This entry is structured in the following way. After outlining the scope of the entry and
the role of distributive principles, the first relatively simple principle of distributive justice
examined is Strict Egalitarianism, which calls for the allocation of equal material goods
to all members of society. John Rawls’ alternative distributive principle, which he calls
the Difference Principle, is examined next. The Difference Principle permits diverging
from strict equality so long as the inequalities in question would make the least
advantaged in society materially better off than they would be under strict equality.
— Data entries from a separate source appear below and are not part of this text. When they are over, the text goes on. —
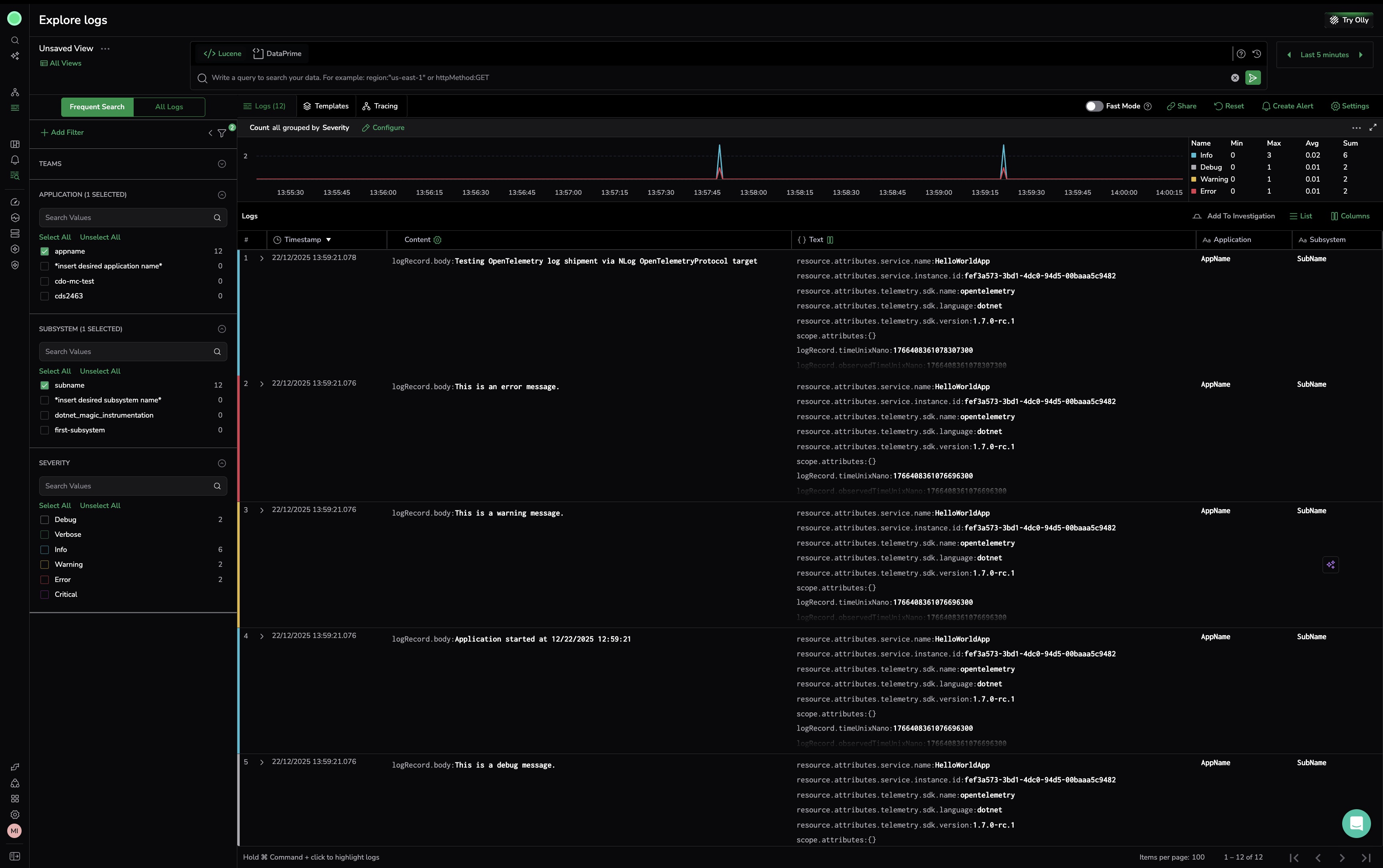 Once we configure the environment variables, setting it to the Coralogix OpenTelemetry endpoint with authentication header, application and subsystem name, we should be able to see application logs coming to Coralogix.
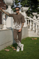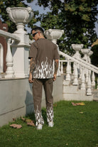 Statement co-ord set in earthy brown with bold white flame graphics along the hemline of both t-shirt and pants. A bold streetwear look for music festivals, nightlife, or weekend style.
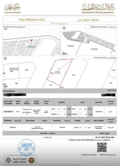 Residential land for sale in Al Tallah Gardens, next to the Saudi German Hospital and schools, and near the exit to Dubai and Sharjah. Land area 4065 SqFt. Freehold ownership for all nationalities

Some have thought that neither strict equality nor Rawls’ Difference Principle capture
the important moral roles of luck and responsibility. The “Luck Egalitarianism” literature
comprises varying attempts to design distributive principles that are appropriately
sensitive to considerations of responsibility and luck. Desert-based principles similarly
emphasize the moral roles of responsibility and luck but are distinct because they
approach these factors through claims about what people deserve because of their
work.
Advocates of welfare-based principles (of which utilitarianism is the most famous) do
not believe the primary distributive concern should be material goods and services.
They argue that material goods and services have no intrinsic value but are valuable
only in so far as they increase welfare. Hence, they argue, distributive principles should
be designed and assessed according to how they affect welfare, either its maximization
or distribution. Advocates of libertarian principles, by contrast to each of the principles
so far mentioned, generally criticize any distributive ideal that requires the pursuit of
specific ‘patterns’, such as maximization or equality of welfare or of material goods.
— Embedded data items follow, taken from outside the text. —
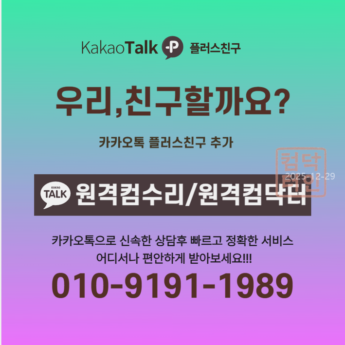 💬 카카오톡 문의: 카카오채널에서 '원격컴수리' 또는 '원격컴닥터' 검색
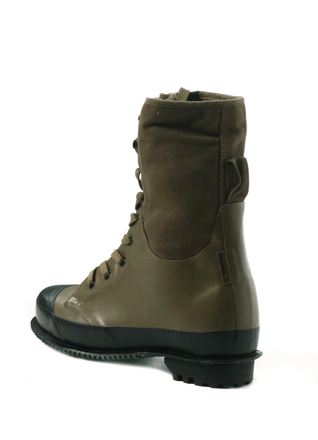 基于实际在意大利军队中使用的军用鞋的靴子,通过用橡胶覆盖到脚踝的高度,具有防水效果,也可以作为雨靴穿着。
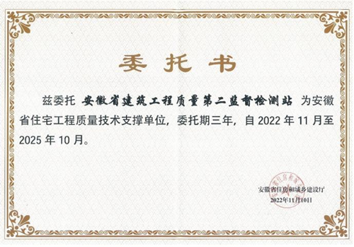 為深入學(xué)習貫徹黨的二十大精神,聚焦化解住宅工程質(zhì)量問(wèn)題,11月10日,由安徽省住房和城鄉建設廳舉辦的“全省住宅工程高質(zhì)量發(fā)展工作推進(jìn)會(huì )暨安徽省住宅工程質(zhì)量專(zhuān)家委員會(huì )成立授牌”在肥順利召開(kāi),會(huì )上公布成立了“安徽省住宅工程質(zhì)量專(zhuān)家委員會(huì )”(以下簡(jiǎn)稱(chēng)“專(zhuān)家委員會(huì )”),授予了質(zhì)檢二站“安徽省住宅工程質(zhì)量技術(shù)支撐單位”證書(shū)。

They argue that the pursuit of such patterns conflicts with the more important moral
demands of liberty or self-ownership. Finally, feminist critiques of existing distributive
principles note that they tend to ignore the particular circumstances of women, so
feminists tend to argue for principles which are more sensitive to facts such as that
women often have primary responsibility for child-rearing and on average, spend less of
their lifetimes than men in the market economy.
1. Scope and Role of Distributive Principles
Distributive principles vary in numerous dimensions. They vary in what is considered
relevant to distributive justice (income, wealth, opportunities, jobs, welfare, utility, etc.);
in the nature of the recipients of the distribution (individual persons, groups of persons,
reference classes, etc.); and on what basis the distribution should be made (equality,
maximization, according to individual characteristics, according to free transactions,
etc.). In this entry, the focus is primarily on principles designed to cover the distribution
of benefits and burdens of economic activity among individuals in a society. Although
principles of this kind have been the dominant source of Anglo-American debate about
distributive justice over the last six decades, there are other important distributive justice
questions, some of which are covered by other entries in the encyclopedia.
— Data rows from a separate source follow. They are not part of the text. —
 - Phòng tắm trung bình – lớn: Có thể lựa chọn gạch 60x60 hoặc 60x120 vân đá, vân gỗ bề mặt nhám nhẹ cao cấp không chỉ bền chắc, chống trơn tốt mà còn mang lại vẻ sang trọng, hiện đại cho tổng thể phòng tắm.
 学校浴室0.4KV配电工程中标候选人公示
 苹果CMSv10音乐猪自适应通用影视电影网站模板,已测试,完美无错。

Although the numerous distributive principles vary along different dimensions, for
simplicity, they are presented here in broad categories. Even though these are common
classifications in the literature, it is important to keep in mind they necessarily involve
over-simplification, particularly with respect to the criticisms of each of the groups of
principles. Some criticisms may not apply equally to every principle in the group. The
issue of how we are to understand and respond to criticisms of distributive principles is
discussed briefly in the final section on methodology.
Throughout most of history, people were born into, and largely stayed in, a fairly rigid
economic position. The distribution of economic benefits and burdens was normally
seen as fixed, either by nature or by a deity. Only when there was a widespread
realization that the distribution of economic benefits and burdens could be affected by
government did distributive justice become a live topic. Now the topic is unavoidable.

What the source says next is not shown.